Despite the differences, however, together the two receptors appear to control roughly 75% or more of both lipidomic and transcriptomic effects of chemerin, suggesting they are the operative chemerin signal transducers. At the same time, however, chemerin independent effects may also be evident. CMKLR1 in particular controls five times as many genes as chemerin. The functional overlap would point to chemerin as the effective ligand, but it remains possible other signals also use the same receptors for other means. For example, FAM19A1 has been shown to bind to GPR1 to regulate proliferation and differentiation in neural stem cells (41). A comprehensive understanding of how these two receptors exert overlapping yet differential regulatory roles will need to be further elucidated. Additionally, ATGL, a critical enzyme that initiates the hydrolysis of triglycerides to release fatty acids (42), is a suppressed target of both GPR1 and CMKLR1. The freed up fatty acids resulting from lipolysis fuel the mitochondria for energy production, leading to the accumulation of toxic oxidized lipids and ferroptosis. Indeed, ATGL inhibition decreased elevated lipid peroxidation and rescued cell death. This suggests that suppression of ATGL is critical in protecting ccRCC from lipid-related death and is a crucial target for chemerin signaling. However, ATGL inhibition did not restore all chemerin related phenotypes (e.g. proliferation), confirming that additional endpoints of chemerin signaling exist downstream of the two receptors, such as the known effects on AKT and ERK signaling (19).

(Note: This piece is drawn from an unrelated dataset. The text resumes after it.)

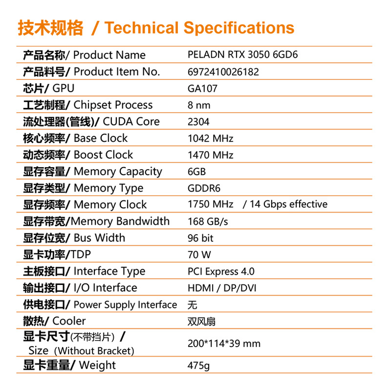 팬 라듐 RTX3050 6GDDR6 듀얼 팬 게임 그래픽 카드

$\mathrm{\alpha }$-NETA, 2-($\mathrm{\alpha }$-naphthoyl) ethyltrimethylammonium iodide, is a small molecule CMKLR1 antagonist (27) that has been used to treat multiple sclerosis in pre-clinical models. Its ability to penetrate blood-brain barrier has made it an appealing molecule to treat chemerin/CMKLR1 induced neuroinflammatory diseases such as preeclampsia and tumors such as neuroblastoma (43,44), and led to the development of second generation compounds (45). Limited studies have been conducted on using $\mathrm{\alpha }$-NETA as a therapeutic agent to treat solid tumors other than glioblastoma and ovarian cancer (46,47). We have demonstrated that $\mathrm{\alpha }$-NETA can be effectively used to suppress ccRCC growth through modulation of lipid metabolism with no noted side effects, in agreement with other reports (45). Analysis of harvested tumor tissue showed the expected pathways are affected. This suggests that $\mathrm{\alpha }$-NETA is an on-target CMKLR1-specific antagonist, and that its derivatives could potentially be used for clinical purposes to treat ccRCC. As an additional potential benefit, chemerin-CMKLR1 is known to cause recruitment on inflammatory macrophages which may be immune suppressive. Indeed, ccRCC is generally described as an immune privileged microenvironment due to the high content of myeloid derived suppressor cells (48). Thus how $\mathrm{\alpha }$-NETA would affect tumor associated macrophages or other myeloid derivatives in ccRCC is unknown, but may lead to enhancement of immunotherapy. Application of $\mathrm{\alpha }$-NETA or other chemerin inhibiting approached to a syngeneic model of ccRCC would allow answers to these critical questions.

In summary, we have defined the roles of two autocrine/paracrine signaling mechanisms in ccRCC that control lipid homeostasis to promote renal cancer development. Because of the extracellular nature of the signal, interrupting lipid storage with toxic effects on the tumor cells becomes an attractive and seemingly feasible approach to develop a new line of anti-metabolic therapies for clear cell Renal Cell Cancer.

Statement of Significance.

Extracellular control of lipid accumulation via G-protein receptor-mediated cell signaling is a metabolic vulnerability in clear cell renal cell carcinoma, which depends on lipid storage to avoid oxidative toxicity.